I nodded, but I didn’t believe it. I always believed it was that two months he spent trying to claim his mother that did him in.

And as soon as Artie was OK, I got into trouble. I lost my job on the literary review. Not through any fault of mine but because Osano got fired and as his right-hand man I was fired with him.

Osano had weathered all the storms. His contempt of the most powerful literary circles in the country, the political intelligentsia, the culture fanatics, the liberals, the conservatives, Women’s Liberation, the radicals, his sexual escapades, his gambling on sports, his use of his position to lobby for the Nobel Prize. Plus a nonfiction book he published in defense of pornography, not for its redeeming social value, but as ant elitist pleasure of the poor in intellect. For all these things the publishers would have liked to fire him, but the circulation of the review had doubled since he became editor.

By this time I was making good money. I wrote a lot of Osano's articles for him. I could imitate his style pretty well, and he would start me off with a fifteen-minute harangue on how he felt about a particular subject, always brilliantly crazy. It was easy for me to write the article based on his fifteen minutes of ranting. Then he’d go over and put in a few of his masterful touches and we’d split the money. Just half his money was twice what I got paid for an article.

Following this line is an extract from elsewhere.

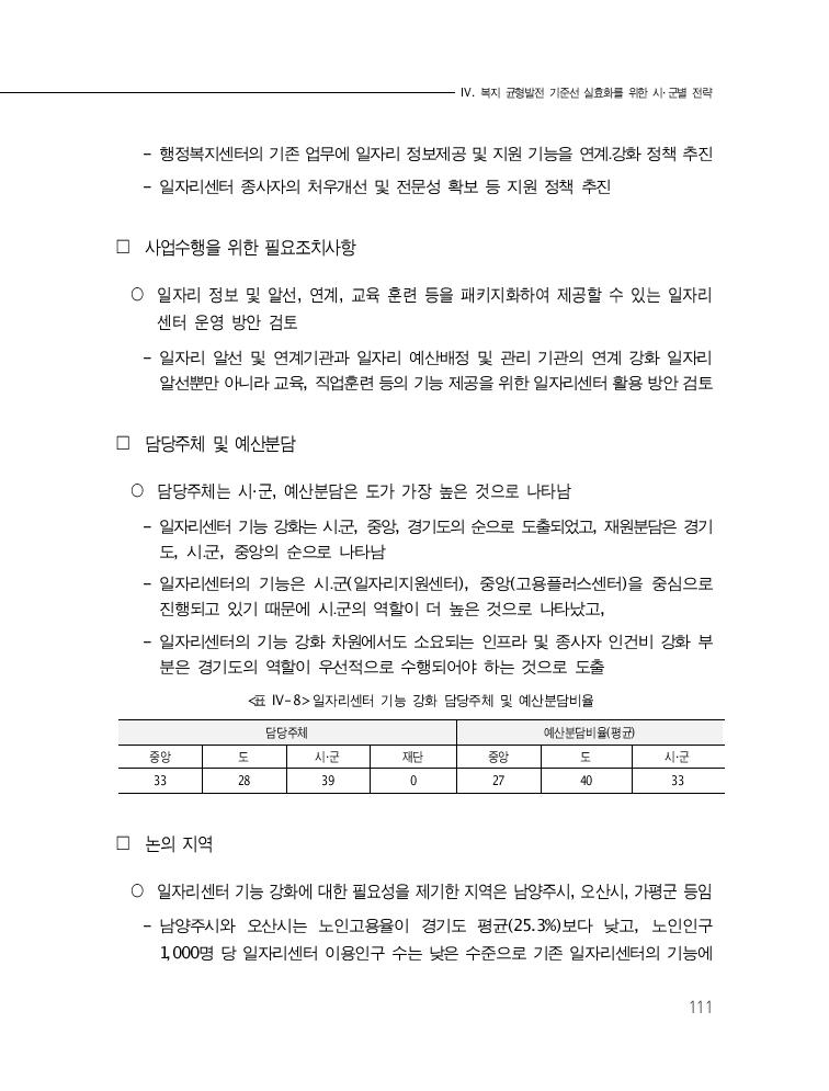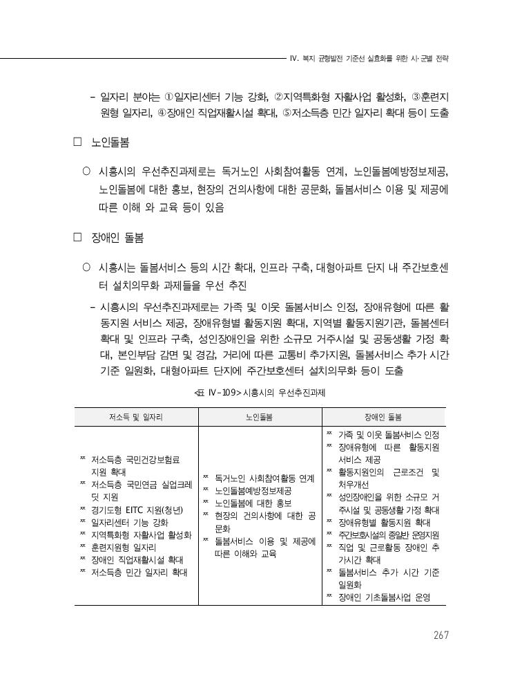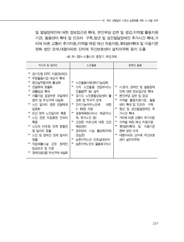 Ⅳ. 복지 균형발전 기준선 실효화를 위한 시·군별 전략 269 및 발달장애인에 대한 정보접근권 확대, 본인부담 감면 및 경감,지역별 활동지원 기관, 돌봄센터 확대 및 인프라 구축,청년 및 성인발달장애인 추가시간 확대,거 리에 따른 교통비 추가지원,지역별 매칭 예산 차등지원,365쉼터확대 및 이용기준 완화 방안 모색,대형아파트 단지에 주간보호센터 설치의무화 등이 도출 저소득 및 일자리 노인돌봄 장애인 돌봄  경기도형 EITC 지원(장애인)  무한돌봄사업 대상자 확대  중간실무협의체 활성화  전달체계 효율화  생활임금 확대  자활기업 공공부문 조달계약 참여 및 우선구매 내실화  노인 일자리 관련 전달체계 일원화  민간 영역 노인일자리 확충  노인 전문 직업훈련 인프라 확충  노인과 타연령 연계 혼합연 령 일자리 창출  노인 및 장애인 연계 일자리 창출  직업재활시설 근로 장애인 임금보조 및 지원  장애인생산품 우선구매 내실화  노인돌봄사례관리기능강화  도의 노인돌봄 전담부서(노 인돌봄TF 등) 설치  경기도 노인종합상담센터 활 성화 및 적극적 연계  인지기능저하노인에 대한 1:1매칭 지원  공중목욕탕서비스 제공(저소 득, 독거노인 등)  건강한 어르신에 대한 건강 예방관리  경로당의 기능 활성화(치매 안심존)  농촌지역노인 인권실태파악  농촌지역노인의 돌봄욕구조사  시․청각, 장애인 및 발달장애 인에 대한 정보접근권 확대  본인부담 감면 및 경감  지역별 활동지원기관, 돌봄 센터 확대 및 인프라 구축  청년 및 성인발달장애인 추 가시간 확대  거리에 따른 교통비 추가지원  지역별 매칭 예산 차등지원  365쉼터확대 및 이용기준 완화 방안 모색  대형아파트 단지에 주간보호 센터 설치의무화 <표 Ⅳ-110> 시흥시의 중장기 추진과제

Even that didn’t get us fired. It was his ex-wife Wendy who did us in. Though that’s maybe unfair; Osano did us in, Wendy handed him the knife.

Osano had spent four weeks in Hollywood while I ran the review for him. He was completing some sort of movie deal, and during the four weeks we used a courier to fly out and give him review articles to OK before I ran it. When Osano finally came back to New York, he gave a party for all his friends to celebrate his home-coming and the big chunk of money he had earned in Hollywood.